-- ACTIVITY --
Without including any images, reproduce each entry exactly.

● ● ● ● ● ● ●

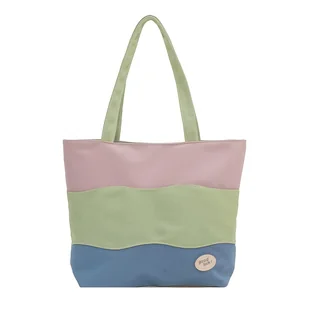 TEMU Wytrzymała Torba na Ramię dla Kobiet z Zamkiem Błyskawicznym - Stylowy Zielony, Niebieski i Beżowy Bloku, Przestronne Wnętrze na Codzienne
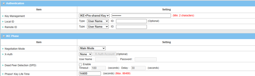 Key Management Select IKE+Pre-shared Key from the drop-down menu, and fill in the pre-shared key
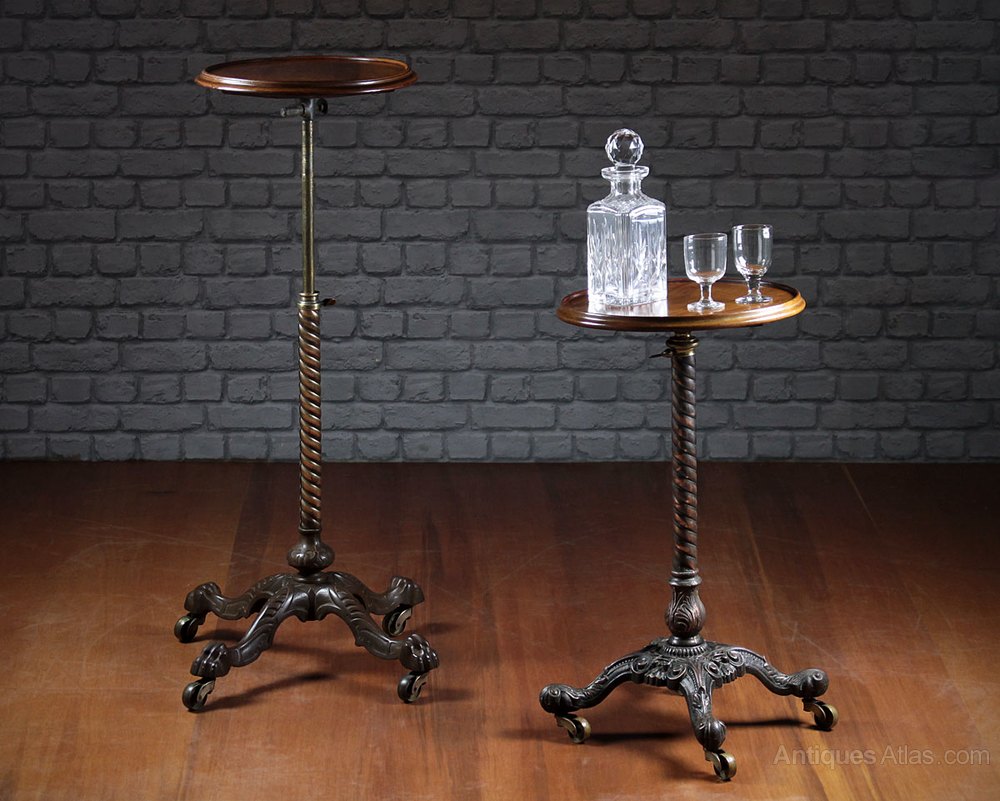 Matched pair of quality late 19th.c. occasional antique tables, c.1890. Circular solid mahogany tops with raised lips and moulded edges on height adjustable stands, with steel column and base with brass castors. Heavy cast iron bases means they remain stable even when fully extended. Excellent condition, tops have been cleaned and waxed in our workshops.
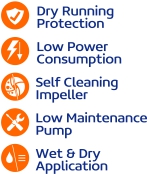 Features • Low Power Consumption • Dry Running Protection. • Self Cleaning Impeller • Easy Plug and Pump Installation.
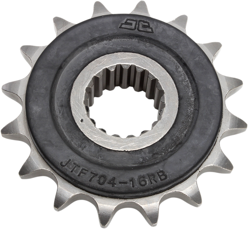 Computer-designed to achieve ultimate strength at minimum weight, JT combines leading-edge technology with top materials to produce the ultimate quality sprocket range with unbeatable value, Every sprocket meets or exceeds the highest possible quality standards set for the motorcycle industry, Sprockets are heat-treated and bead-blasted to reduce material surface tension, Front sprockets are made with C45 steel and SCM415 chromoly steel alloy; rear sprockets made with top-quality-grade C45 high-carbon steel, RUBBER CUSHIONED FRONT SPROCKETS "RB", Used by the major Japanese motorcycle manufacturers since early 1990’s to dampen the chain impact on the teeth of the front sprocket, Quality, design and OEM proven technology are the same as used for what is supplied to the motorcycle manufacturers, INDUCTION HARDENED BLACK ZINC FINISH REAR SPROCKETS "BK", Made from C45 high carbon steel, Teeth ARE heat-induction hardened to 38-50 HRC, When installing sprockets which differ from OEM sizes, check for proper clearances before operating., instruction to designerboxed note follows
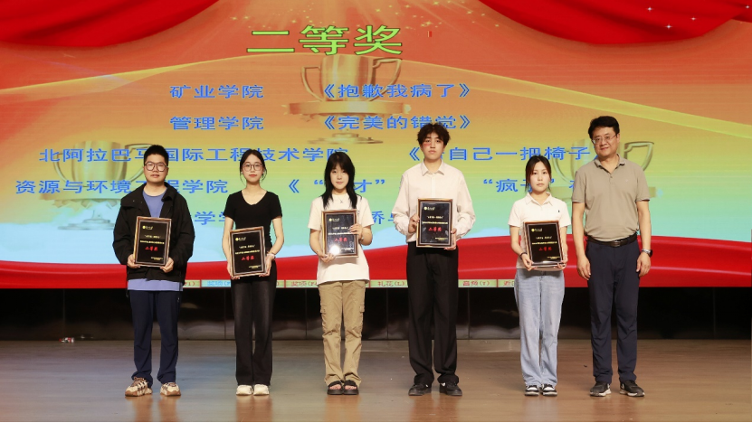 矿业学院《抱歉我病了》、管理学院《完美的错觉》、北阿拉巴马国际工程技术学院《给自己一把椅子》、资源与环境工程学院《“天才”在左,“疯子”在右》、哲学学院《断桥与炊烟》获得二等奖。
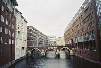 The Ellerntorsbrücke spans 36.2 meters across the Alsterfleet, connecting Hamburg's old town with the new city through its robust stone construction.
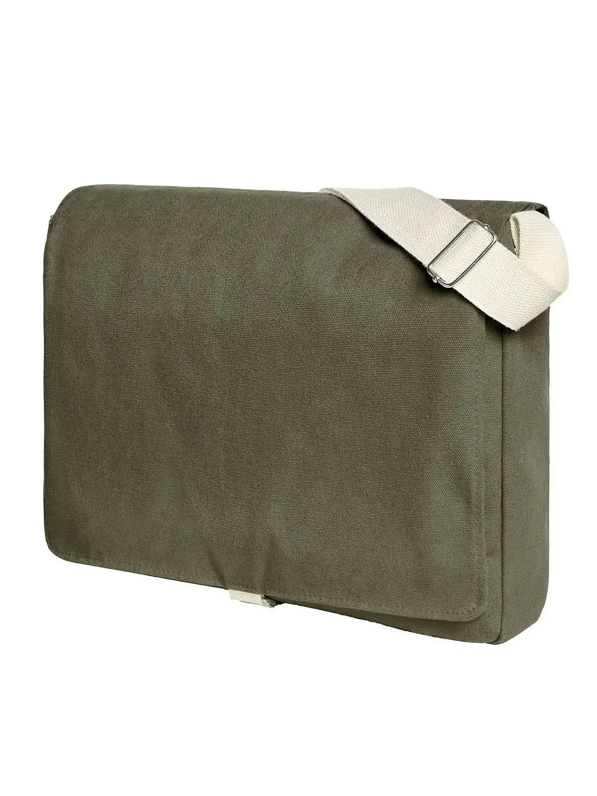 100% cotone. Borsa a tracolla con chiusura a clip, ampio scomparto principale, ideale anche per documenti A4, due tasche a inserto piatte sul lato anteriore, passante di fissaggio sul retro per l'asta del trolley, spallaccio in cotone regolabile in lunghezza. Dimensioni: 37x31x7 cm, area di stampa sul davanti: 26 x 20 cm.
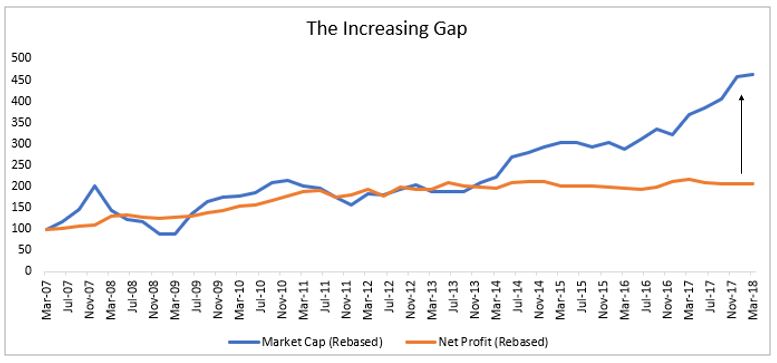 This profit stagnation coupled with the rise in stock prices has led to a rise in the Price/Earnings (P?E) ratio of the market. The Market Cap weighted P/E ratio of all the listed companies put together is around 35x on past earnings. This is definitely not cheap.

● ● ● ● ● ● ●

-- SOLUTION TO THIS TASK --
 TEMU Wytrzymała Torba na Ramię dla Kobiet z Zamkiem Błyskawicznym - Stylowy Zielony, Niebieski i Beżowy Bloku, Przestronne Wnętrze na Codzienne
 Key Management Select IKE+Pre-shared Key from the drop-down menu, and fill in the pre-shared key
 Matched pair of quality late 19th.c. occasional antique tables, c.1890. Circular solid mahogany tops with raised lips and moulded edges on height adjustable stands, with steel column and base with brass castors. Heavy cast iron bases means they remain stable even when fully extended. Excellent condition, tops have been cleaned and waxed in our workshops.
 Features • Low Power Consumption • Dry Running Protection. • Self Cleaning Impeller • Easy Plug and Pump Installation.
 Computer-designed to achieve ultimate strength at minimum weight, JT combines leading-edge technology with top materials to produce the ultimate quality sprocket range with unbeatable value, Every sprocket meets or exceeds the highest possible quality standards set for the motorcycle industry, Sprockets are heat-treated and bead-blasted to reduce material surface tension, Front sprockets are made with C45 steel and SCM415 chromoly steel alloy; rear sprockets made with top-quality-grade C45 high-carbon steel, RUBBER CUSHIONED FRONT SPROCKETS "RB", Used by the major Japanese motorcycle manufacturers since early 1990’s to dampen the chain impact on the teeth of the front sprocket, Quality, design and OEM proven technology are the same as used for what is supplied to the motorcycle manufacturers, INDUCTION HARDENED BLACK ZINC FINISH REAR SPROCKETS "BK", Made from C45 high carbon steel, Teeth ARE heat-induction hardened to 38-50 HRC, When installing sprockets which differ from OEM sizes, check for proper clearances before operating., instruction to designerboxed note follows
 矿业学院《抱歉我病了》、管理学院《完美的错觉》、北阿拉巴马国际工程技术学院《给自己一把椅子》、资源与环境工程学院《“天才”在左,“疯子”在右》、哲学学院《断桥与炊烟》获得二等奖。
 The Ellerntorsbrücke spans 36.2 meters across the Alsterfleet, connecting Hamburg's old town with the new city through its robust stone construction.
 100% cotone. Borsa a tracolla con chiusura a clip, ampio scomparto principale, ideale anche per documenti A4, due tasche a inserto piatte sul lato anteriore, passante di fissaggio sul retro per l'asta del trolley, spallaccio in cotone regolabile in lunghezza. Dimensioni: 37x31x7 cm, area di stampa sul davanti: 26 x 20 cm.
 This profit stagnation coupled with the rise in stock prices has led to a rise in the Price/Earnings (P?E) ratio of the market. The Market Cap weighted P/E ratio of all the listed companies put together is around 35x on past earnings. This is definitely not cheap.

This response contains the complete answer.